Monday 2 May 2011

April 27th 2011

A good nights sleep last night.  The first heavy rain of my trip was crashing down about 7.30 the noise made worse due to the tin roofs but typically it only lasted for 15 minutes or so. After my wash Femi sorted toast for breakfast and we went to meet my friend on the moped the money man.
We headed to Olowoora to see Gyles at the medical centre. Gyles is a medical student who contacted us at Wish for Africa wanting to spend time with us for his elective. It was the Ante natal clinic so a great opportunity to share the baby clothes that had kindly been donated to me and they were very well received along with some toys for the older ones. On my arrival all the women greeted me with a song and some dancing and of course I joined in. Gyles looked well and we handed him some money from WFA funds towards his costs as he was finding it difficult to sustain himself and was thinking of going to stay with someone, which we didn’t feel safe about due to not knowing them.

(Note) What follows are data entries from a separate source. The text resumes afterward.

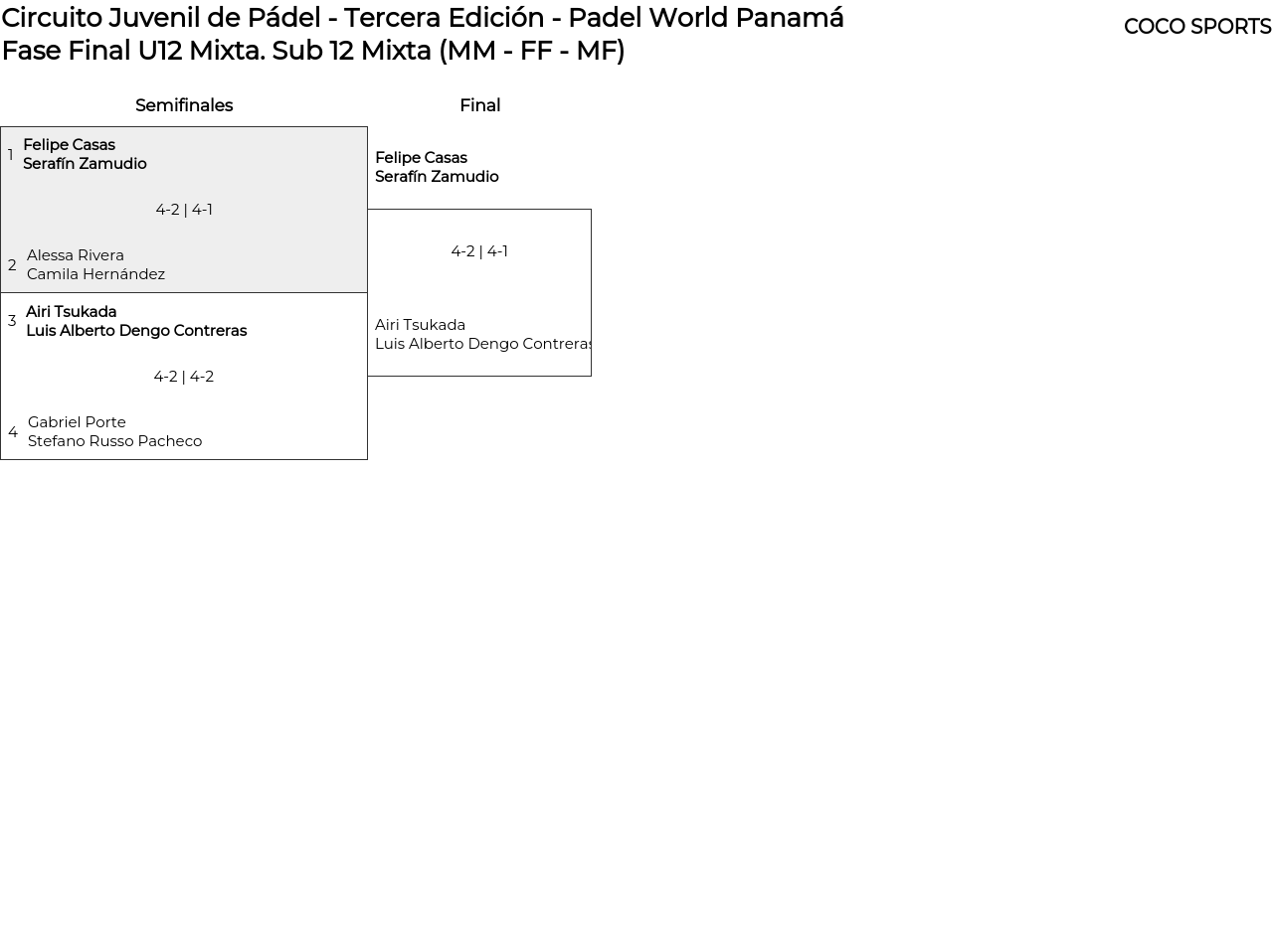 Cuadro principal Sub 12 Mixta (MM - FF - MF)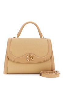 Elegant grainy faux leather handbag with a flap and padded frame. Metal café logo and removable shoulder strap with gold-tone snap hooks.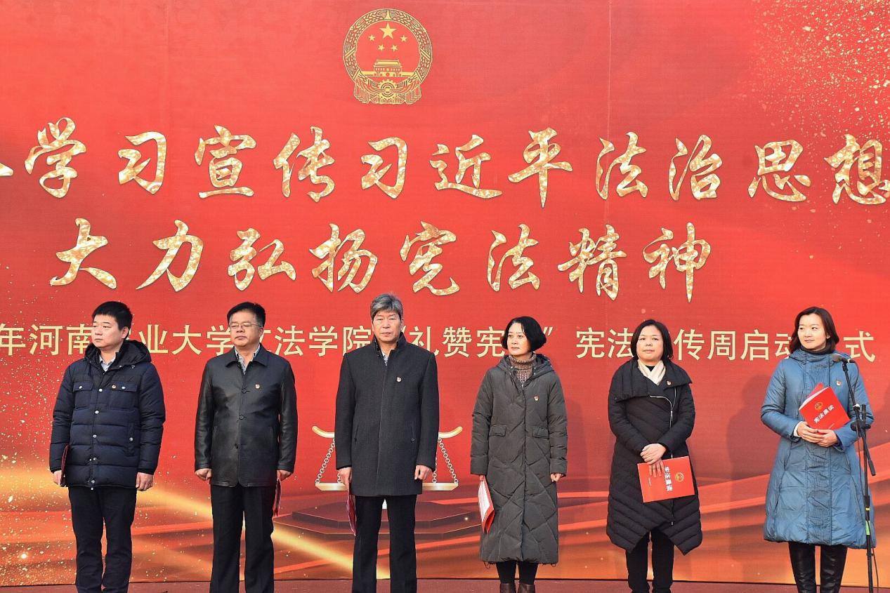 于龙子湖校区田径场举办了以“深入学习宣传习近平法治思想 大力弘扬宪法精神”为主题的“礼赞宪法”宪法宣传周启动仪式。副校长杨喜田出席启动仪式。校党委宣传部、学工部、法规办、校团委以及91自拍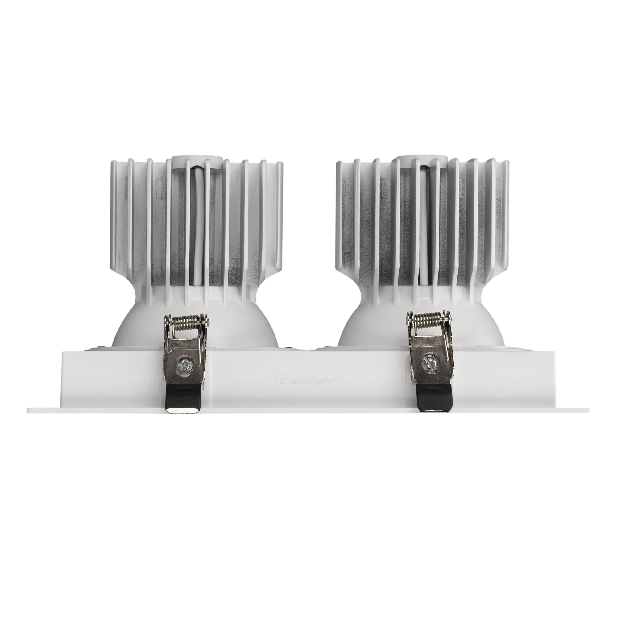 Встраиваемый карданный светильник. Мощность 2х30 Вт, св. поток 5300 лм, 88 лм/Вт, дневной 4000 K, CRI>92, угол 50°, напряжение питания 230 В. Белый корпус из алюминия, степень защиты IP20. Размер: длина 250 мм, ширина 140 мм, высота 125 мм. Монтаж встраиваемый, установочное отверстие: длина 230 мм, ширина 120 мм. Драйвер 24-42 В, 750 мА, пульсация <2%.

We then headed to Femi’s cousin who very sadly lost his wife last week. She had given birth to a beautiful baby boy and with a previous history of pre-eclampsia, this time it went to eclampsia a day or so after the birth. It sounds like the blood pressure may not have been well controlled and the hospital had decided not to do an autopsy, typically here the situation was probably covered up, no audit, no lessons learnt, no change of practise, no reviewed policies. Just a family with young children and a baby all with no mother, and this wasn’t even a poor family they could afford a good hospital, but so often it seems that the practises here are not as up-to-date, not evidence based and many people suffer not even realising it should and could be better.
The family although grieving were very welcoming, I was offered akara and made friends with the youngest daughter, who was only about 2 she shared her biscuits with me or should I say the crumbs which she amused herself by crumbling the biscuit on me, with fits of laughter. The grandmother decided I should be given a Nigerian name and suggested Adejoke (which apparently means some thing like gather around or together). It humbled me to think that these strangers in the midst of their grief can still be so warm and welcoming.

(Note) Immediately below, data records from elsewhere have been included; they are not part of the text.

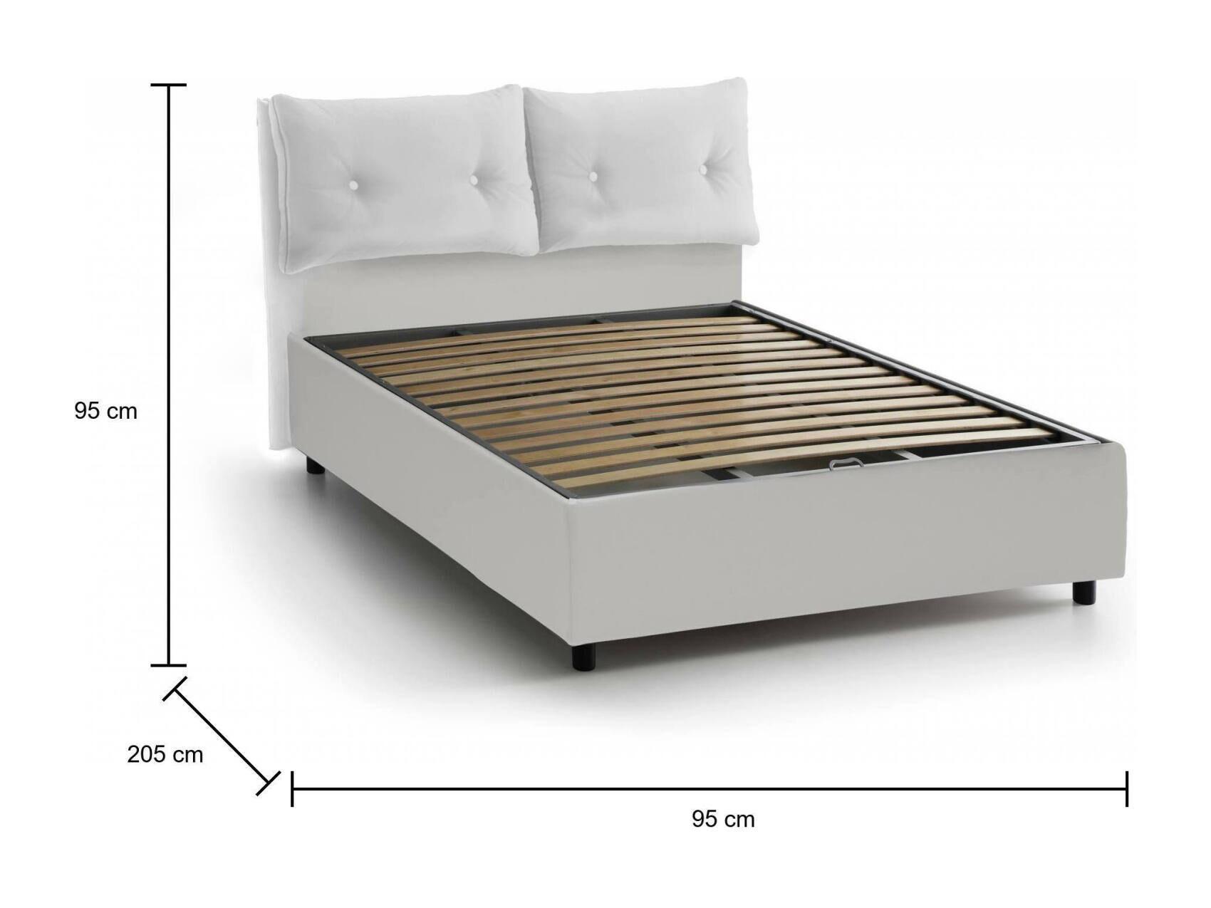 Diovin eenpersoonsbed, Opbergbed met eco-lederen bekleding, 100% Made in Italy, Opening aan de voorkant, geschikt voor matras van 80x190 cm, Wit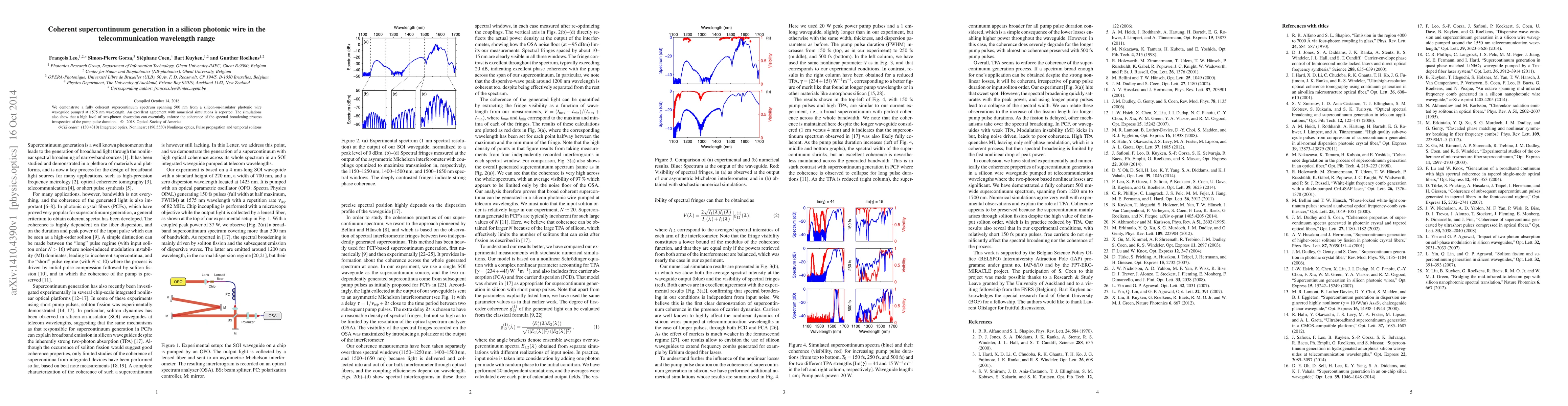 This paper demonstrates coherent supercontinuum generation in a silicon photonic wire, achieving a 500 nm spectrum from 1575 nm pumping, with strong coherence maintained by two-photon absorption, as validated by numerical simulations.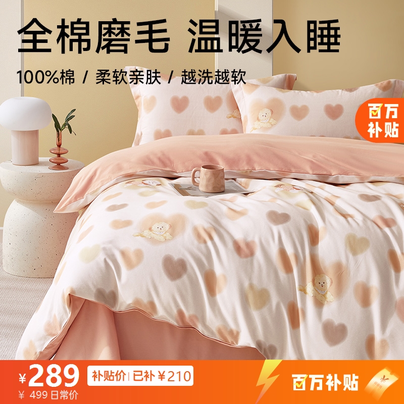 ¥499全棉舒绒磨毛四件套(暖拉)
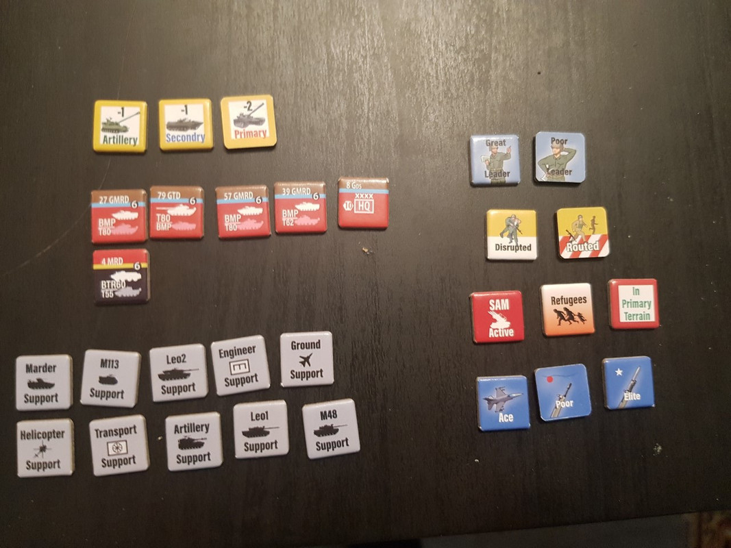 Ni får ursäkta bildens erotiska belysning, här ser ni dels grafiken och dels enheter. Enheterna har inte värden, däremot storlek (den vita trean i svart cirkel). Divisioner har sex i storlek. Sedan finns det info om enhetens primära och sekundära utrustning, till exempel M60 och M113. Av dessa utrustningstyper kan man välja att sätta in den man vill i en given strid, dom är olika bra i olika terräng och en enhet har begränsad mängd trupp, primär och sekundär utrustning (som man håller ordning på separat). Det finns ingen CRT utan man slår en varsin tärning och lägger till storleksmodifikationer och alla supportfunktioner och drar en bricka (beroende på anfallsmetod, finns fyra olika sorters alternativ) som anger modifikation, tärningstyp, random events och exploitfaktor. Det kanske låter bökigt men är inte alls särdeles jobbigt - men det ger en väldigt taktisk känsla till ett operationellt spel. Jag kommer med ett exempel nedan.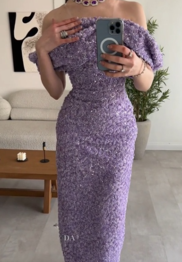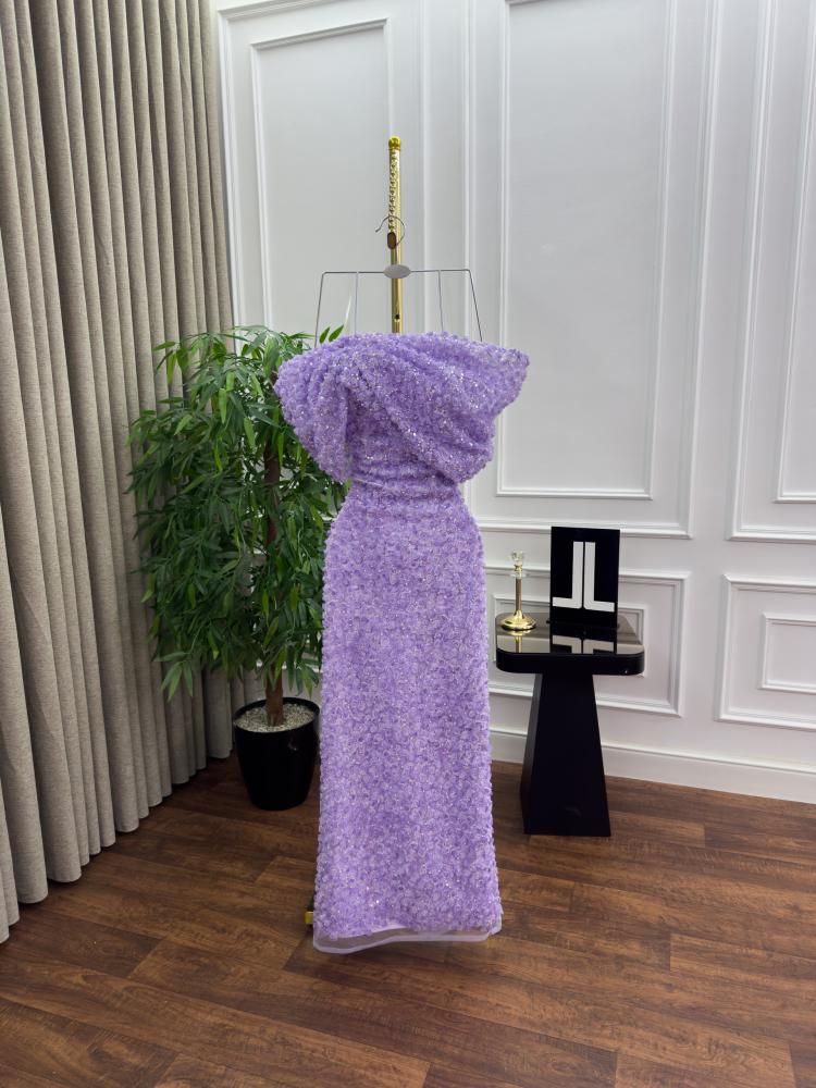 فستان سهره اللون موف قماش موردبطانه باربي من متجر جوهره LA

We visited a IVF clinic in Ikoyi  run by Dr Bolaji who trained in both Nigeria and Norway. He then decided to set up business here to provide a service to the increasing population of couples that are unable to conceive naturally. We were given an impromptu  guided tour of the unit by his wife and found it to be well run, clean and professional. There were several people being or waiting to be seen and they had a photo gallery of all the successful births. I also commented on and was impressed by a counselling service that they supply which is not a common thing in Nigeria. Stress, depression, mental health is not readily accepted here often thought of as a weakness or a blame thing, it was good to see that this clinic was taking the stress that often comes with the issues around IVF seriously and acknowledging and dealing with them.

As we drove I was trying to work out if things had really begun to improve here or was it that I was now used to the sights and they no longer surprise me. This in part is true I believe that familiarity does breed contempt but saying that the road sides generally were clean, the main road we travelled along had no major holes, it had a new layer of tarmac. The yellow buses had gone giving way to red and blue ones which had taken there place in a new government scheme allowing private enterprise to run the routes. They certainly looked an improvement on the previous buses. Nigeria has such a huge way to go in so many areas but things are beginning to change and that has to be a positive encouragement for its future.